▶ Dataset
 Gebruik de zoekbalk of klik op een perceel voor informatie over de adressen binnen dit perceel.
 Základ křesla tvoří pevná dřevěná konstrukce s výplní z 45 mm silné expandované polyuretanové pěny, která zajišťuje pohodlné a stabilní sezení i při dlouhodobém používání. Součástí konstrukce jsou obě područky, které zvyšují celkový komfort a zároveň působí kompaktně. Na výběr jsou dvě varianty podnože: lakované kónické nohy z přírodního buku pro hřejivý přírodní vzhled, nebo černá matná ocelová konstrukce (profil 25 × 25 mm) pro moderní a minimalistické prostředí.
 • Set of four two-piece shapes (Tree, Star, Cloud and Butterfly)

...

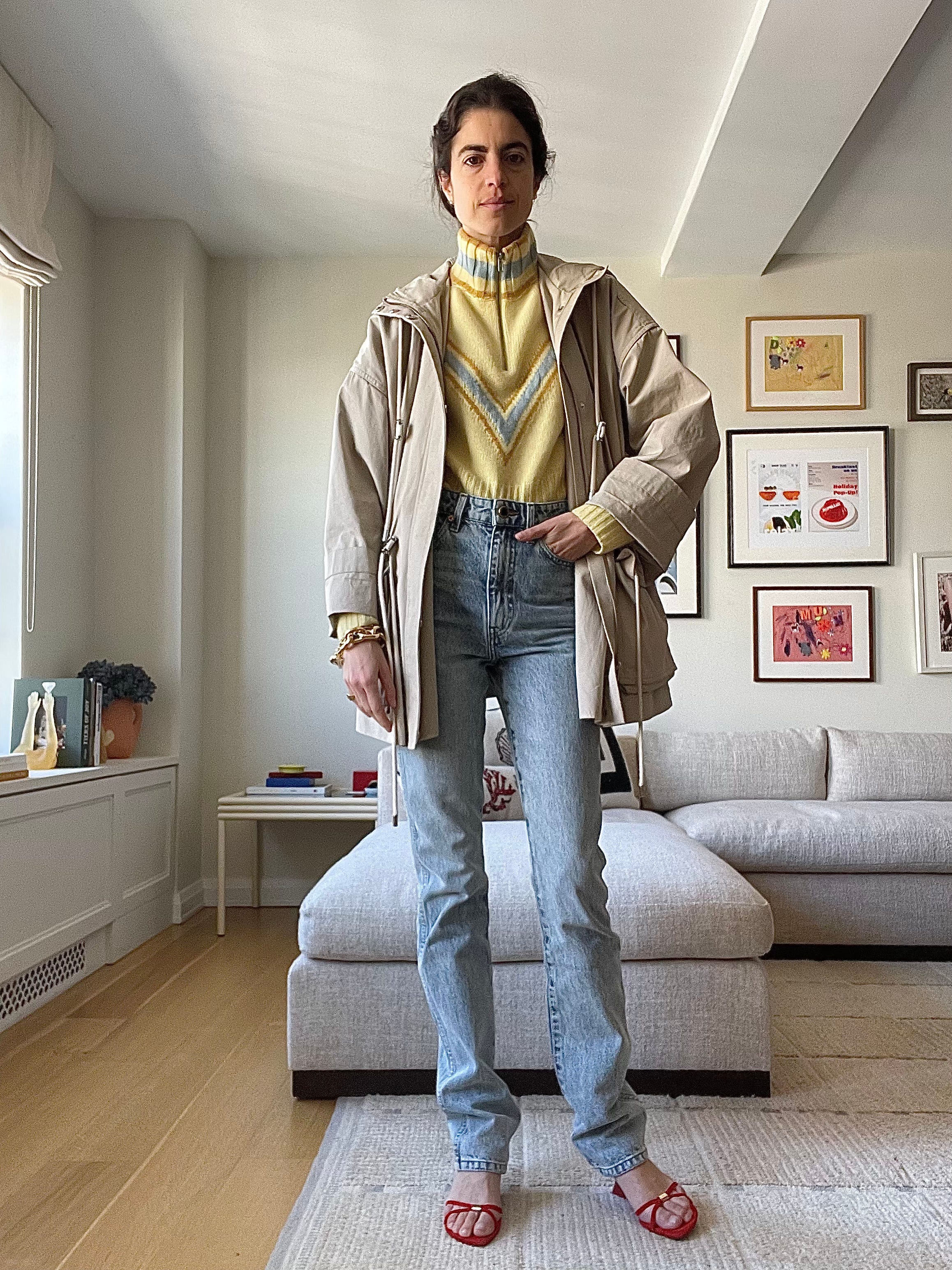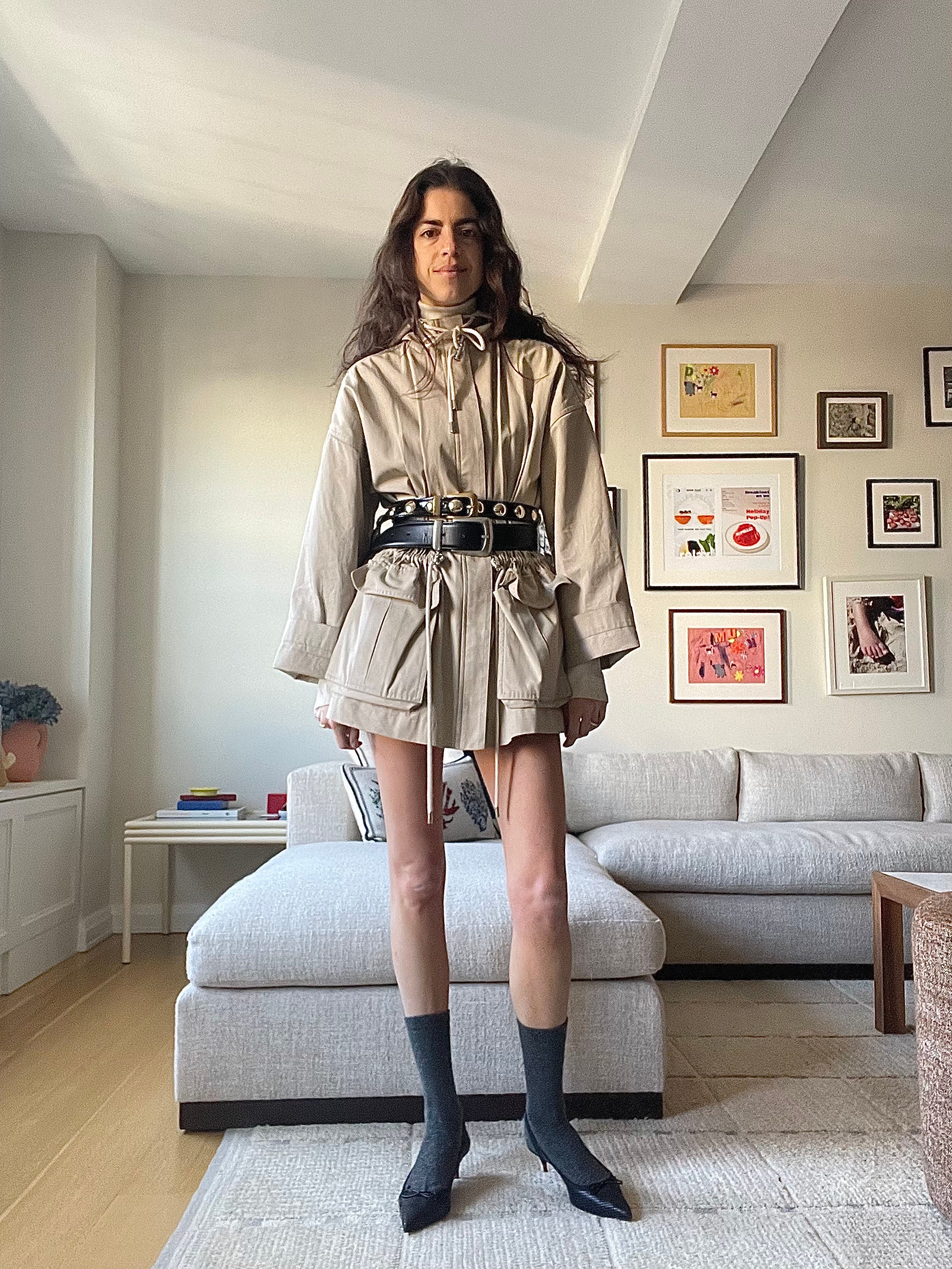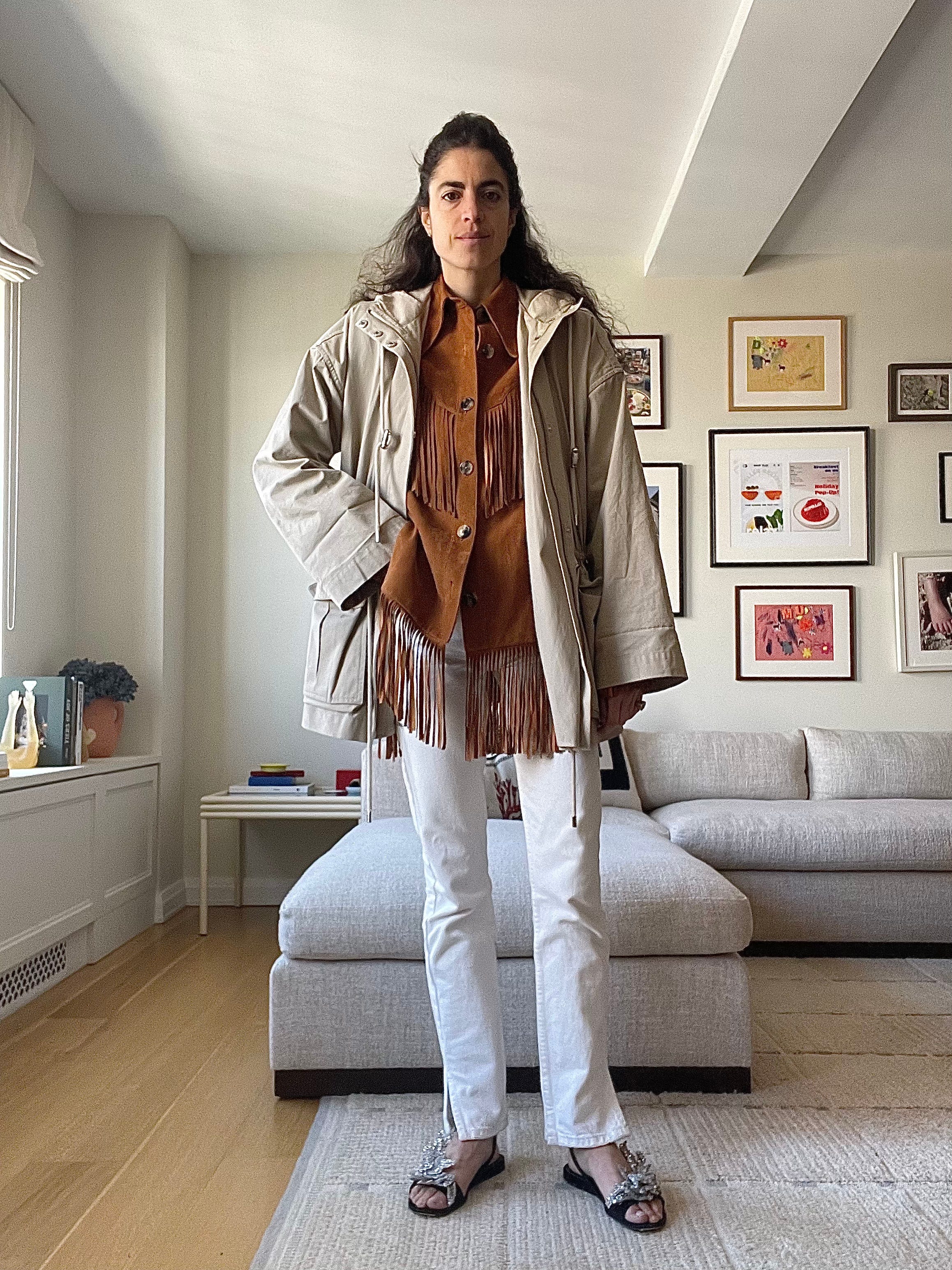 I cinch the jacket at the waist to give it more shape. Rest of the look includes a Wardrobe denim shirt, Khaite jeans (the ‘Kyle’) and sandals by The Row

▶ Instructions to follow
From the listing above, return the lines starting at the one with "Gebruik de zoekbalk" and ending at the one with "Cloud and Butterfly)", both kept, exactly as they appear and nothing more.

▶ Output for this exercise
 Gebruik de zoekbalk of klik op een perceel voor informatie over de adressen binnen dit perceel.
 Základ křesla tvoří pevná dřevěná konstrukce s výplní z 45 mm silné expandované polyuretanové pěny, která zajišťuje pohodlné a stabilní sezení i při dlouhodobém používání. Součástí konstrukce jsou obě područky, které zvyšují celkový komfort a zároveň působí kompaktně. Na výběr jsou dvě varianty podnože: lakované kónické nohy z přírodního buku pro hřejivý přírodní vzhled, nebo černá matná ocelová konstrukce (profil 25 × 25 mm) pro moderní a minimalistické prostředí.
 • Set of four two-piece shapes (Tree, Star, Cloud and Butterfly)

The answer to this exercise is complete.